Final by default?

Xavier Bigand flamaros.xavier at gmail.com
Thu Mar 13 09:48:18 PDT 2014


Le 13/03/2014 05:13, Mike a écrit :
> On Thursday, 13 March 2014 at 00:40:34 UTC, Vladimir Panteleev wrote:
>>>
>>> The saying goes, "you can't make a bucket of yogurt without a
>>> spoonful of rennet". The pattern of resetting customer code into the
>>> next version must end.

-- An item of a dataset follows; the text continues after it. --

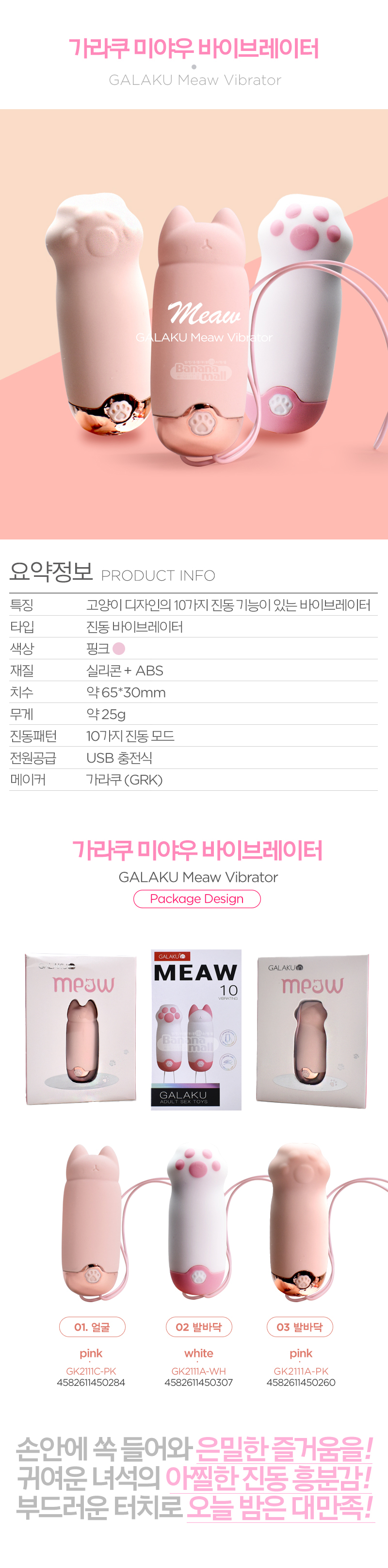 [10가지 진동] 가라쿠 미야우 바이브레이터(GALAKU Meaw Vibrator)- 가라쿠(4582611450284) (GRK)

It's the one thing that both current and
>>> future users want: a pattern of stability and reliability.
>>
>> Doesn't this sort of seal the language's fate in the long run, though?
>> Eventually, new programming languages will appear which will learn
>> from D's mistakes, and no new projects will be written in D.
>>
>> Wasn't it here that I heard that a language which doesn't evolve is a
>> dead language?
>>
>
> IMO, one of the reasons D exists is all the historical baggage C/C++
> chose to carry instead of evolving.
>
> I can cite a business case I had the displeasure of working on as well.
> They chose not to evolve, and instead ended up spending $11 million
> years later to rewrite their infrastructure while maintaining the
> antiquated one so they could still function.  And the latter was never
> realized.  They're probably due for another large, time consuming,
> disruptive, expensive project in the near future.
>
> Point is, it's in the best interest of both languages and businesses
> building on those languages to evolve, or they just end up paying the
> piper later (with interest).
>
> Gradual, managed change is where it's at, IMNSHO.
>
Just like I proposed creating a new major version every year will be 
gradual with a know rhythm and well announced.